__Your objective__: Below are some records; quote exactly the lines from the one that contains "2️⃣ 黑枸杞菊花飲——護眼降火神器" through the one that contains "Golden Standing Rein", inclusive, and no others.

__Dataset__:
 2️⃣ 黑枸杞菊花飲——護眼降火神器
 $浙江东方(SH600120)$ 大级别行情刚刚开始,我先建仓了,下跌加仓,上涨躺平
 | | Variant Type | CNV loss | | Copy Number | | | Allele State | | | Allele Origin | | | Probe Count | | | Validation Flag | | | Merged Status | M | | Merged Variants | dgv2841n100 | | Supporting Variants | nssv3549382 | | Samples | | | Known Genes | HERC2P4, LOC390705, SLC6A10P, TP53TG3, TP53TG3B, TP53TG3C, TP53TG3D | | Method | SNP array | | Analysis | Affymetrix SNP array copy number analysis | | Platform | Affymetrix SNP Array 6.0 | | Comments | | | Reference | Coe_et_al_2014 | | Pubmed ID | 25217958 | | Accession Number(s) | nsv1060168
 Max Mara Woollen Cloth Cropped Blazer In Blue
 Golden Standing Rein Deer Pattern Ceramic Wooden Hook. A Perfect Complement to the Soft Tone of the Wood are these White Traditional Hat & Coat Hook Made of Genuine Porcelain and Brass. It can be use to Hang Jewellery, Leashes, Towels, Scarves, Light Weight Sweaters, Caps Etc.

...

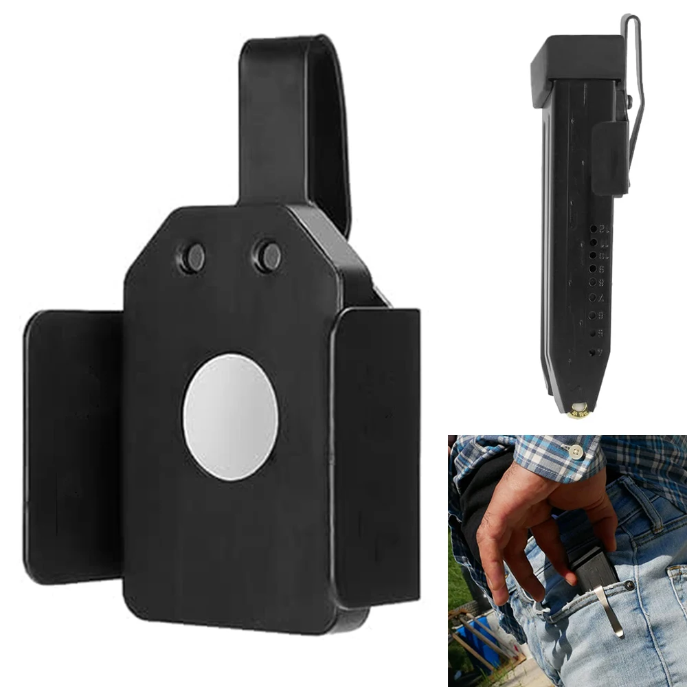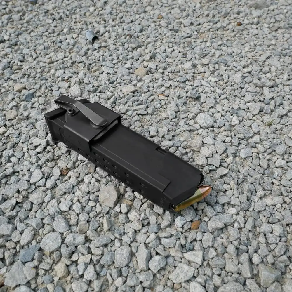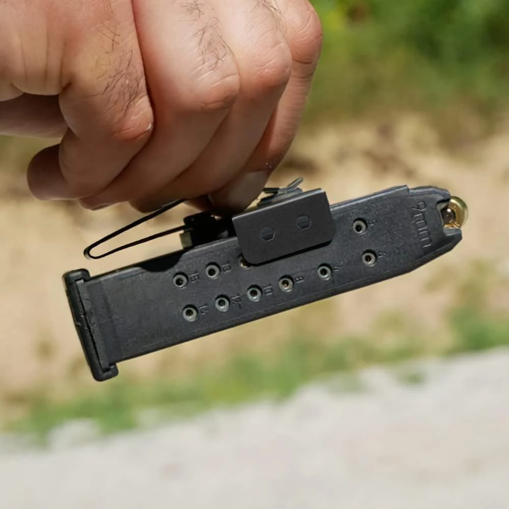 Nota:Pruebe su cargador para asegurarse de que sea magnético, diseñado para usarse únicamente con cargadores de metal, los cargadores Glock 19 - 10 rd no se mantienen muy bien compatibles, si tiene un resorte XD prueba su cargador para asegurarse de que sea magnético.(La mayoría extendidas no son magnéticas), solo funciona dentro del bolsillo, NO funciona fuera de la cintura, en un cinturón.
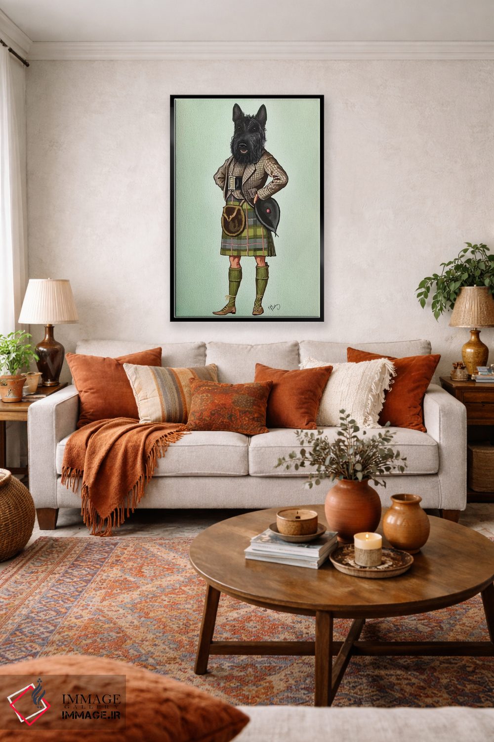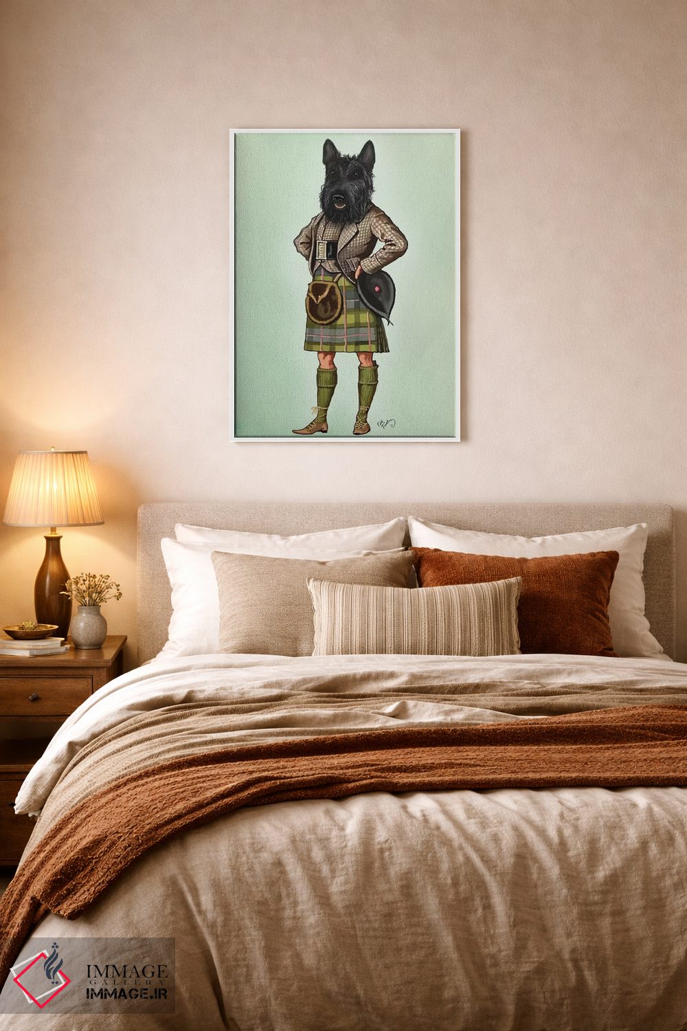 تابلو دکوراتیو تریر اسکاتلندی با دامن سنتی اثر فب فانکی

* * *

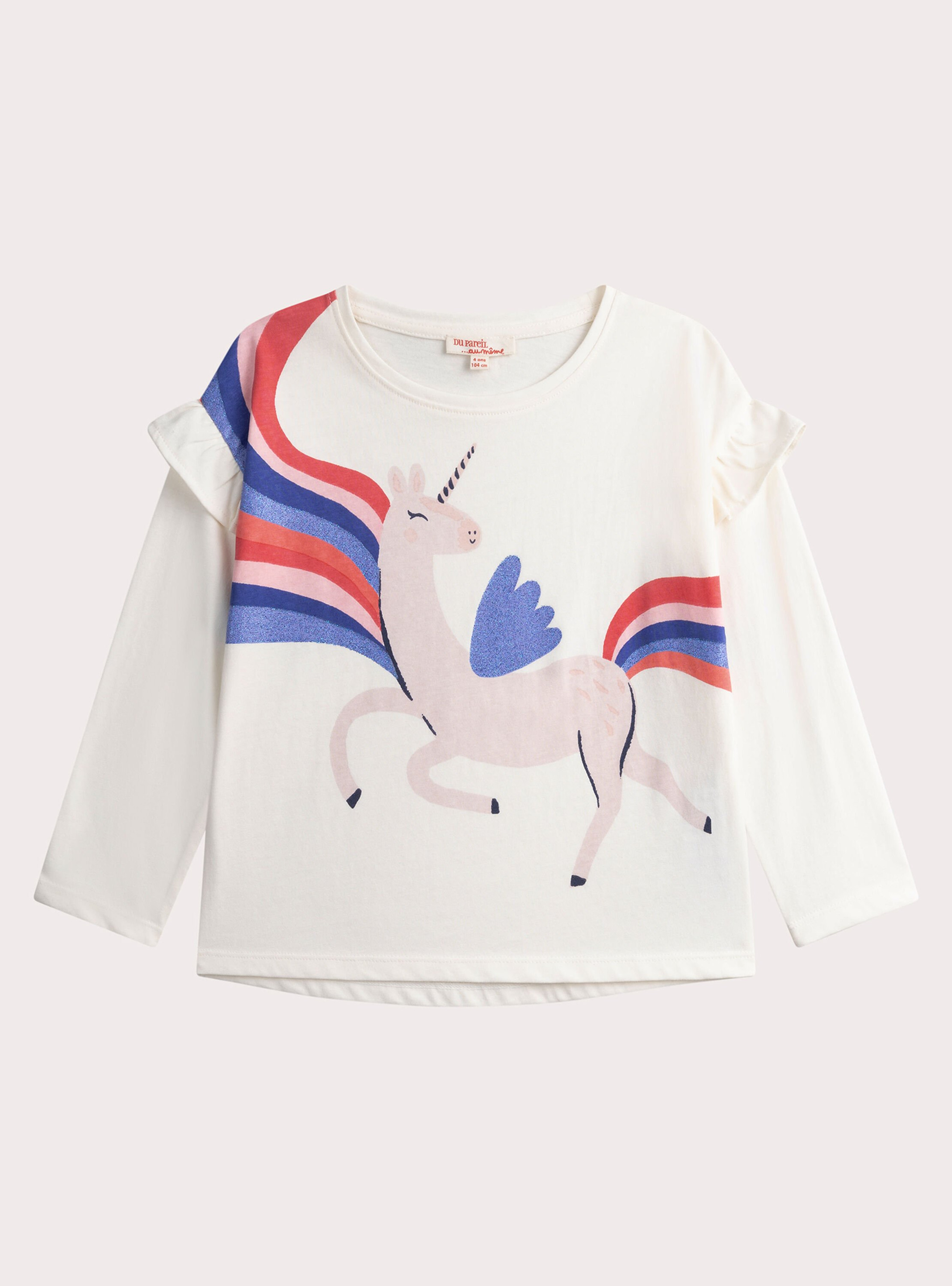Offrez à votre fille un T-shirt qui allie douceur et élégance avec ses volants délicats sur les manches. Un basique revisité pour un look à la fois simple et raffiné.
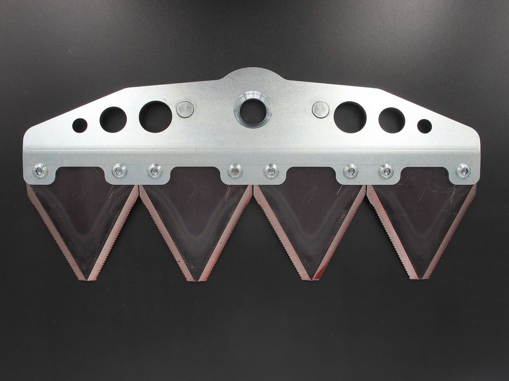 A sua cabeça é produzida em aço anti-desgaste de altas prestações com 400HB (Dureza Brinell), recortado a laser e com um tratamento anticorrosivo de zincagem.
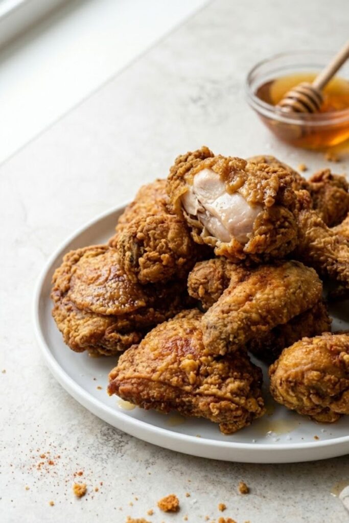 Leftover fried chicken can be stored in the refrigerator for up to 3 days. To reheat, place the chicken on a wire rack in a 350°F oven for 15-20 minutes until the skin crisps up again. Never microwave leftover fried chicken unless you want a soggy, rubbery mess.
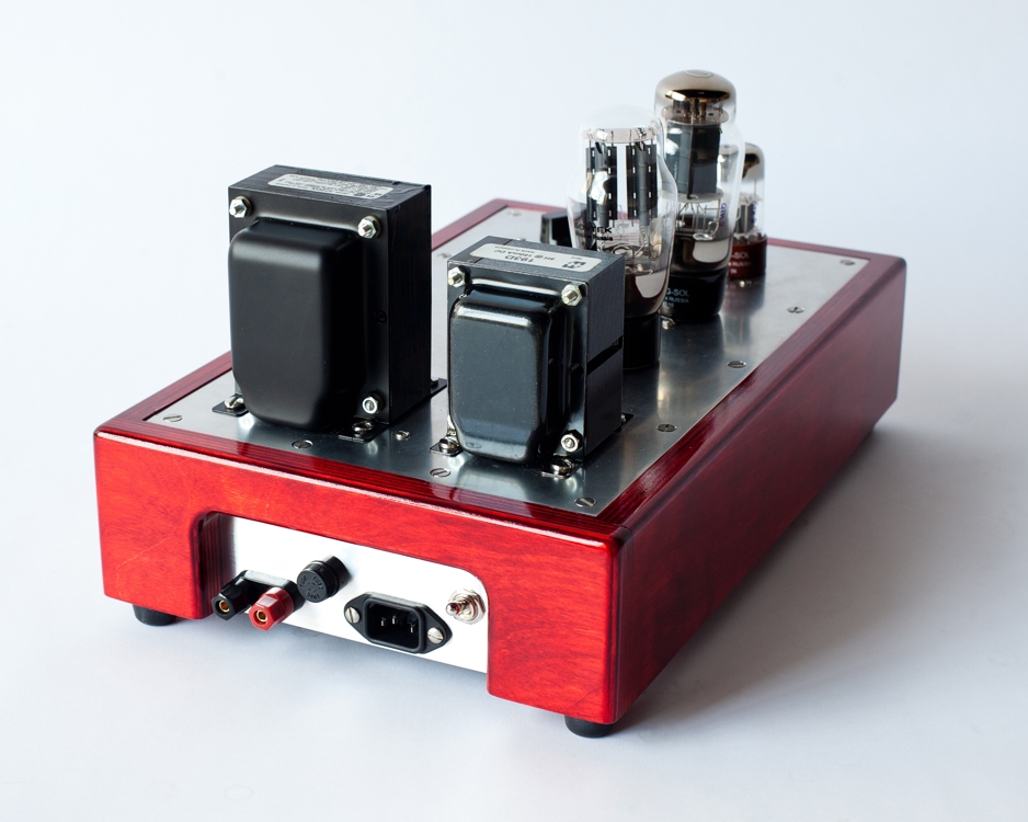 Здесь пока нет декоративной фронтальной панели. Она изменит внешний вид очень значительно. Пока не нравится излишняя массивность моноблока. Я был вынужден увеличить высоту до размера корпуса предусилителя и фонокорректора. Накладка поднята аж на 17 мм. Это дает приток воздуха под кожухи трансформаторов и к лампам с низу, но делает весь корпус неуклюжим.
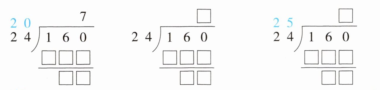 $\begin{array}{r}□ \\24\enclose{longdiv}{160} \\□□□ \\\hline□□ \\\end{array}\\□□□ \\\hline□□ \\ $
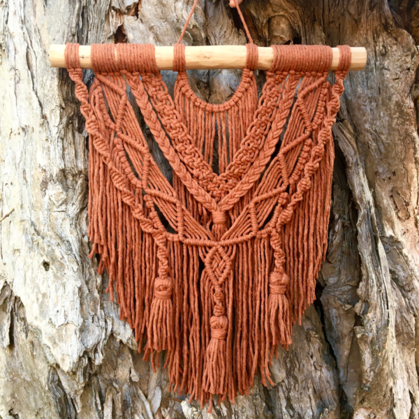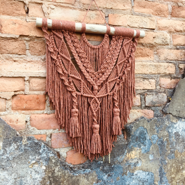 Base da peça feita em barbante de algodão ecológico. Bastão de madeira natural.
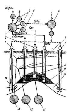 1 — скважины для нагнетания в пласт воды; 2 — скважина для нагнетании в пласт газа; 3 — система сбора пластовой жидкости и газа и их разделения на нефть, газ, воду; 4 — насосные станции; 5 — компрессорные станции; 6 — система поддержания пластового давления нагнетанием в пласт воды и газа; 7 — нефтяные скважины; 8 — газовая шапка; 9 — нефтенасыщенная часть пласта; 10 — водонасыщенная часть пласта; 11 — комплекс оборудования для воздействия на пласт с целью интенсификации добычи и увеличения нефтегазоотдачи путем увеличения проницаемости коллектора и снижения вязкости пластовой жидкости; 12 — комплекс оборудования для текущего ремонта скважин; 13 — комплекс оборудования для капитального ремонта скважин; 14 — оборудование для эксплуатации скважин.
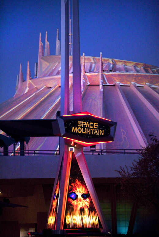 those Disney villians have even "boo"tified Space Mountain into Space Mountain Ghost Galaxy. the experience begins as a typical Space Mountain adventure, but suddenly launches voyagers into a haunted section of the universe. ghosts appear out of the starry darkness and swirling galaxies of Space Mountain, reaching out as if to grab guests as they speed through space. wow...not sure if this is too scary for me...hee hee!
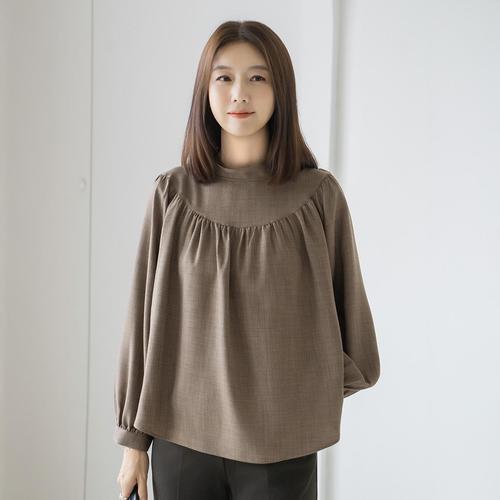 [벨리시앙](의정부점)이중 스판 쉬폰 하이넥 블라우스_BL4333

__Written solution__:
 2️⃣ 黑枸杞菊花飲——護眼降火神器
 $浙江东方(SH600120)$ 大级别行情刚刚开始,我先建仓了,下跌加仓,上涨躺平
 | | Variant Type | CNV loss | | Copy Number | | | Allele State | | | Allele Origin | | | Probe Count | | | Validation Flag | | | Merged Status | M | | Merged Variants | dgv2841n100 | | Supporting Variants | nssv3549382 | | Samples | | | Known Genes | HERC2P4, LOC390705, SLC6A10P, TP53TG3, TP53TG3B, TP53TG3C, TP53TG3D | | Method | SNP array | | Analysis | Affymetrix SNP array copy number analysis | | Platform | Affymetrix SNP Array 6.0 | | Comments | | | Reference | Coe_et_al_2014 | | Pubmed ID | 25217958 | | Accession Number(s) | nsv1060168
 Max Mara Woollen Cloth Cropped Blazer In Blue
 Golden Standing Rein Deer Pattern Ceramic Wooden Hook. A Perfect Complement to the Soft Tone of the Wood are these White Traditional Hat & Coat Hook Made of Genuine Porcelain and Brass. It can be use to Hang Jewellery, Leashes, Towels, Scarves, Light Weight Sweaters, Caps Etc.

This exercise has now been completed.